Similar to the situation we had in late Summer last year, the number of Chromebooks in development keeps growing and, with that number, the number of new features is also expanding.
Today we have some info on the camera setup for ‘Scarlet’.
Seen in this commit and it’s relative files, we can see the two cameras being tested for use on this Chrome OS Tablet.
It looks like we have a 5MP front-facing camera and an 8MP rear-facing camera.
Though there are other detachables and tablets in development, this is the first solid proof of dual cameras in a standard tablet setup. Though we don’t assume you’ll be doing a ton of shooting with your tablet, ‘Scarlet’ looks to be a smaller 7.9″ tablet, so the opportunity could arise.
The two camera models are ov8855 and ov5695 and drivers are being worked on actively for both in ‘Scarlet’. Here are some specs on each right from the maker, Omnivision.
OmniVision’s new 1/4-inch OV5695 is a high performance and cost-effective 5-megapixel OmniBSI+™ sensor designed to be a cost-competitive camera solution for both front- and rear-facing camera applications in smartphones and tablets.
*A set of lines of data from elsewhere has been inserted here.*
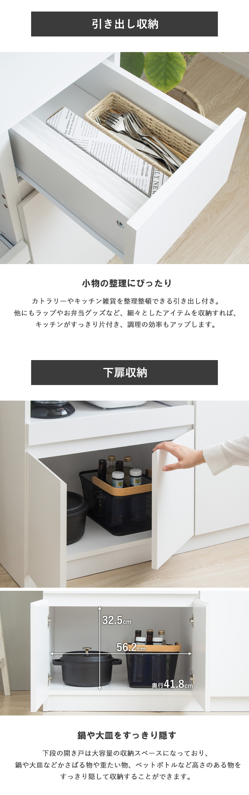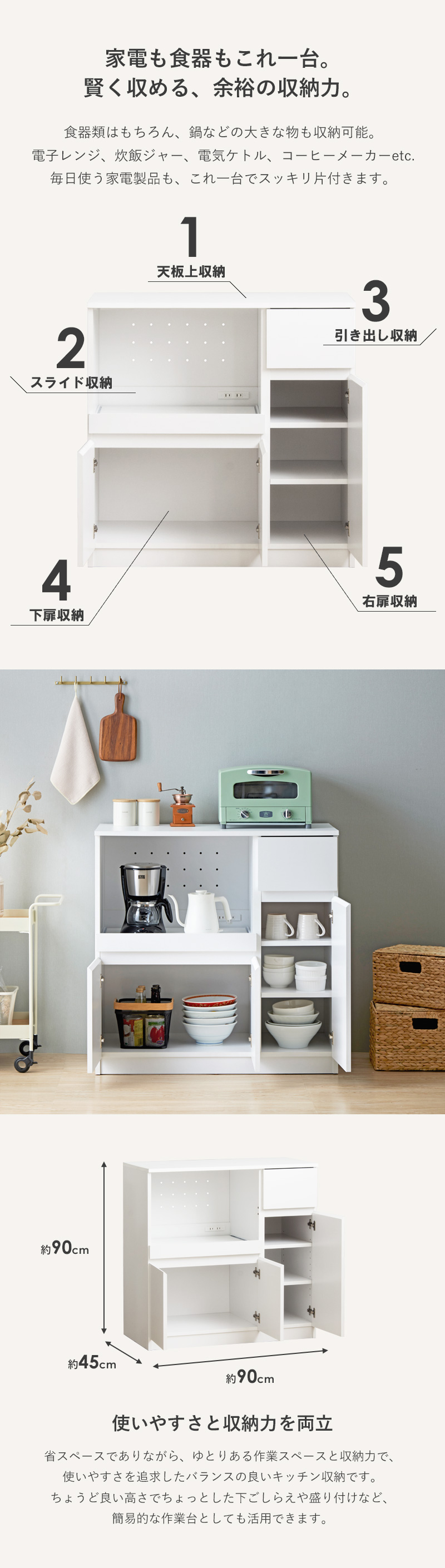 省スペースでも食器や家電をまとめて収納できるキッチンカウンターです。食器棚として食器や食材、調理器具などの収納はもちろん、レンジ台・家電ラックとして電子レンジやキッチン家電の収納がこれ一台で叶います。幅90cmのゆとりがある天板は調理の作業スペースとしても活用OK。メインの調理スペースが手狭な時、補助スペースとして下ごしらえや調理補助に使えて作業効率がアップします!
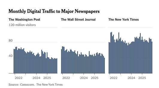 But Bezos himself ruined this opportunity for the paper. In 2024, Bezos intervened in the editorial page to prevent an endorsement of Kamala Harris, which was a violation of the promise he made in 2013 when he bought the paper. That decision led to 200,000 subscription cancelations. We don’t know how many the paper has left, but the guess was that it had 2.5 million before Bezos’s intervention. So the drama aside, that’s… not a bad number of customers. And actual traffic to the Washington Post is still pretty good. Here’s a chart from the New York Times.
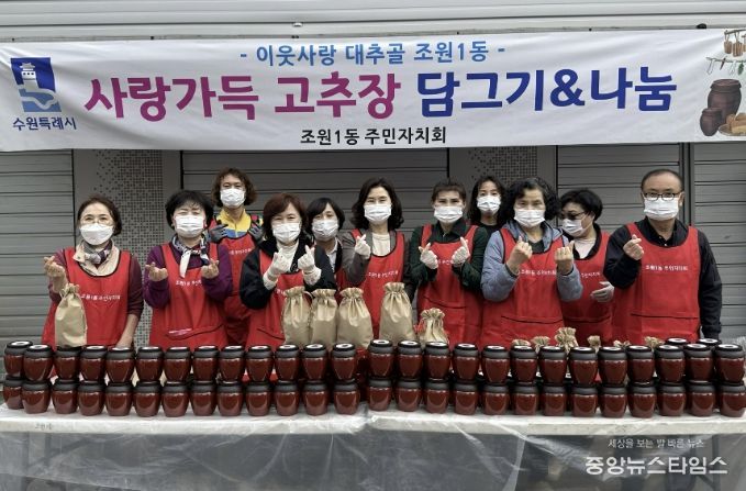 (중앙뉴스타임스 = 방재영 기자) 수원시 장안구 조원1동 주민자치회는 지난 1일, 복지행정분과 주관으로 ‘사랑가득 고추장 담그기’ 행사를 열고, 직접 담근 고추장을 관내 취약가구 200여 세대에 전달했다.
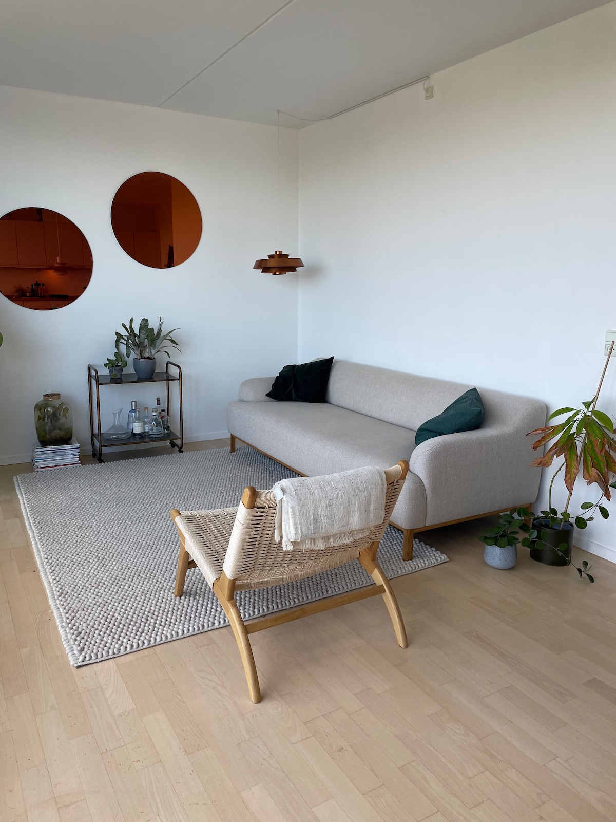 nyrenoverede og stilfuld. I Københavns gamle Sydhavn. Lejligheden er holdt i elegante beige og gyldne nuancer og smukt indrettet med kunst, der giver en luksuriøs stemning. Der er også en Quooker med kogende vand. Beliggenheden er ideel – tæt på en af byens fedeste parke ved vandet og tæt på Mozart Plads og København Syd station. Vi tilbyder parkeringstilladelse, der gælder tre dage ad gangen. Perfekt til en afslappende og praktisk base i København!"
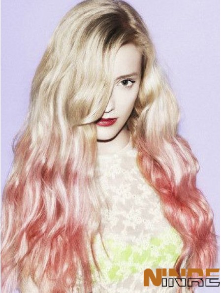 Ombre pas cher / 2 tons longs ondulés avec frange 26  inchperruques de dentelle humaine
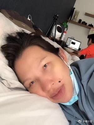 蔡少芬近日在微博上面貼出一張「慵懶躺床自拍」並寫道「美有好多種類!」,我們從照片中可以看到,她的眼睛整個明顯變小、眼距被拉開、鼻子腫成蓮霧鼻,連雙唇都腫得像兩條小香腸,臉上還出現一顆長毛的痣!讓網友們看完都驚訝不已,紛紛以為她是不是出了什麼事!
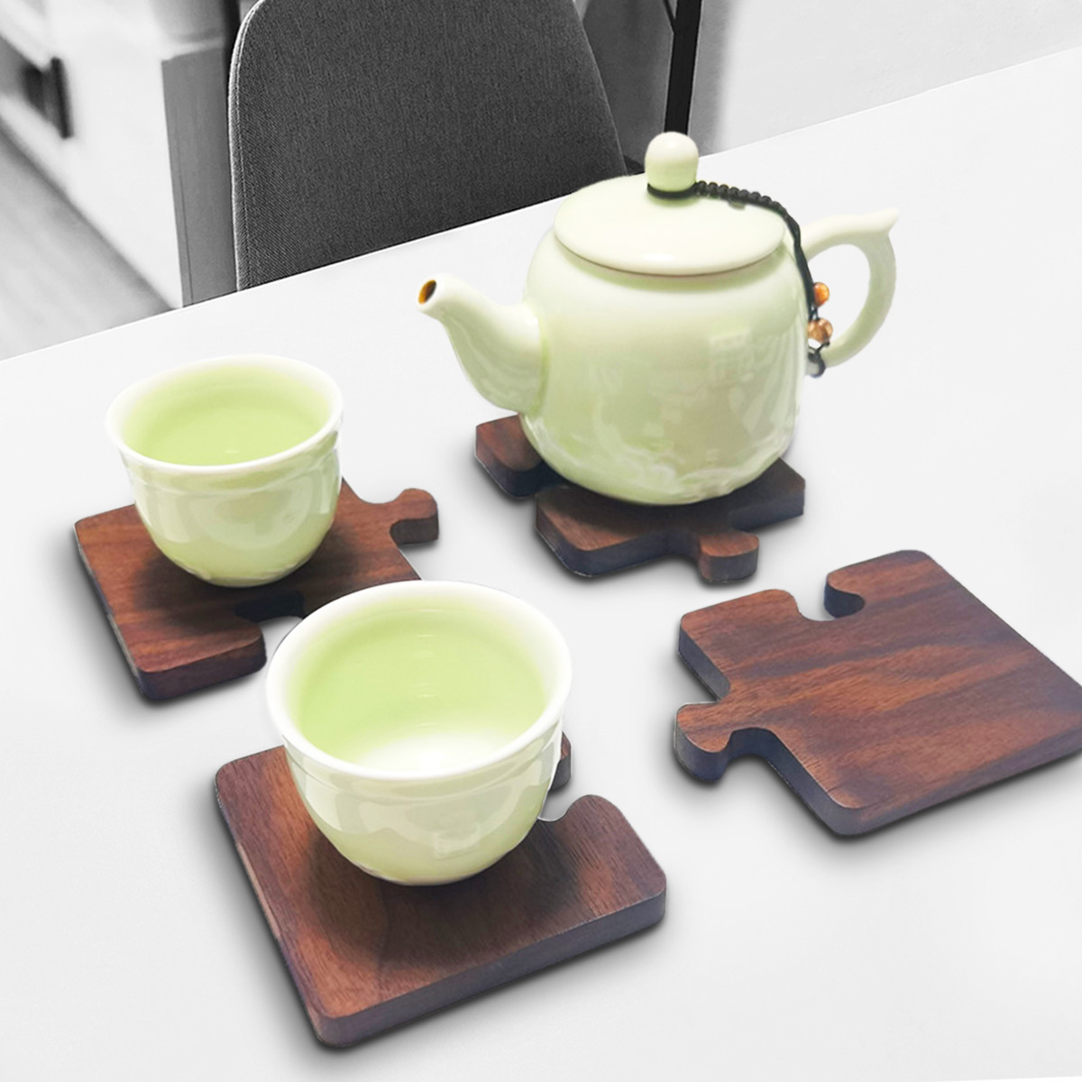 Coasters are shaped like puzzle pieces and made from wood. Include laser engraved imprint on all 4 coasters.

The OV5695 features an improved design that offers superior image and video quality in a more compact, power-efficient package.
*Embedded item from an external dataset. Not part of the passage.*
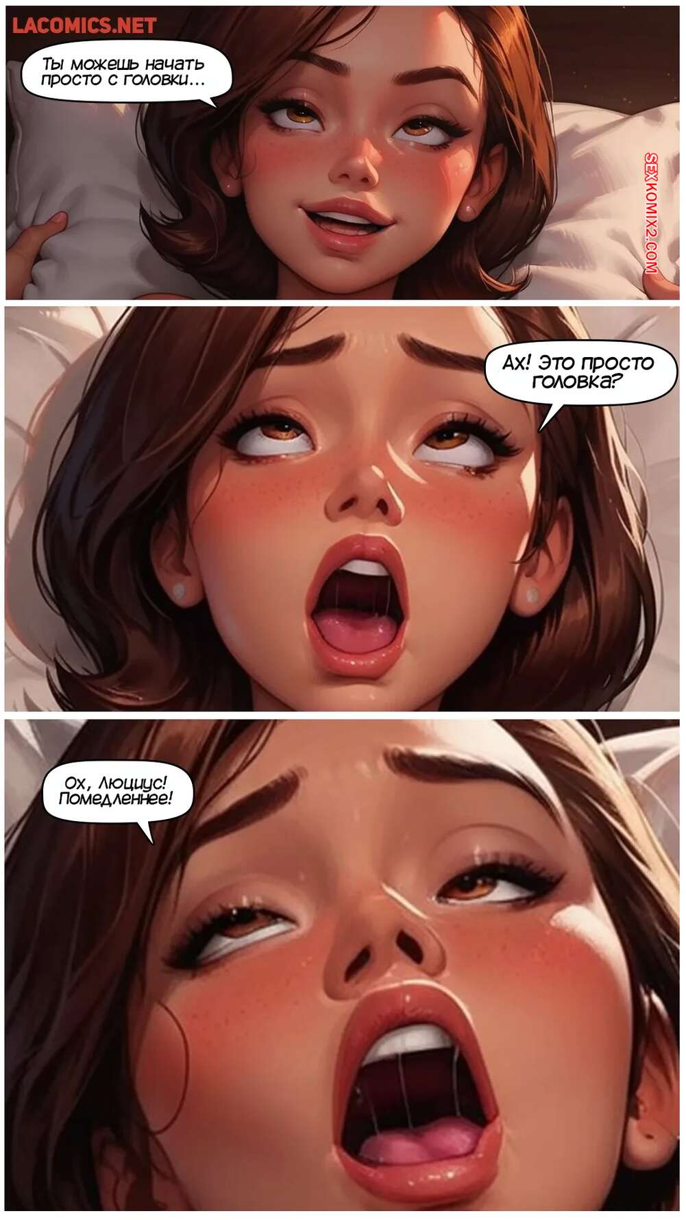 Порно комикс Суперсемейка. Хелен. Роман с Фрозоном. Часть 2. LowFireStudios Горячая красотка Эластика пригласила к себе Люциуса. Брюнеточка приняла душ и надела сексуальный халатик, после чего стала ожидать приезд друга мужа, чтобы насладиться его черным членом.

The OV5695 utilizes 1.4-micron OmniBSI+ pixel architecture to capture full resolution video in a native 4:3 aspect ratio at 30 fps or 1080p video at 60 fps with support for interleave row high dynamic range (iHDR).
The sensor’s exceptional low-light sensitivity enhances image and video quality when recording in low-light conditions, and reduces user dependence on the device’s front-facing flash functionality.
The OV5695 fits into an 8.5 x 8.5 mm module with a z-height of approximately 4.4 mm.
OmniVision’s OV8858 is a 1/4-inch 8-megapixel PureCel® image sensor for the rapidly growing mainstream smartphone and tablet market. The compact and cost-effective OV8858 sensor delivers dramatically reduced power consumption and best-in-class performance, making it a highly competitive solution for the next-generation of mobile devices.
Compared to OmniVision’s previous-generation 1/4-inch 8-megapixel sensor, the OV8858 delivers a number of performance enhancements, including dramatically improved full-well capacity (FWC) and sensitivity for enhanced high- and low-light performance. It also offers a significant reduction in power consumption and form factor.
The sensor also features OmniVision’s Video-in-Video (ViV™) technology, which stitches together images from the front- and rear-cameras, applies enhancements such as independent lens correction and color compensation, and sends the combined image to the host ISP. In ViV mode, users can capture a portrait scene perfectly alongside their own face, record video while narrating for high quality video blogging, or utilize the feature for video conferencing. This is made possible by a special input MIPI receiver on the OV8858 that can accept image data from a wide range of OmniVision image sensors designed for front-facing applications of 2-megapixel and below, thus saving a camera port on the host ISP.
The OV8858 supports an active array of 3264 x 2448 pixels (8-megapixel) operating at 30 frames per second (fps) for zero shutter lag, enabling high-speed photography. The sensor is capable of recording 1080p high definition (HD) video at 60 fps, or 720p HD video at 90 fps, each with additional pixels for electronic image stabilization (EIS). The OV8858, when paired with OmniVision’s latest 2-megapixel sensors, can provide full resolution ViV snapshot images at 15 fps and preview ViV video at 30 fps.
The OV8858 fits into an 8.5 x 8.5 mm camera module with a build height of approximately 4 mm.
Sure, this is a bit of marketing speak, but these don’t sound like garbage sensors. They should do the job of grabbing a quick pic if you are in the mood and don’t have your phone or other camera handy.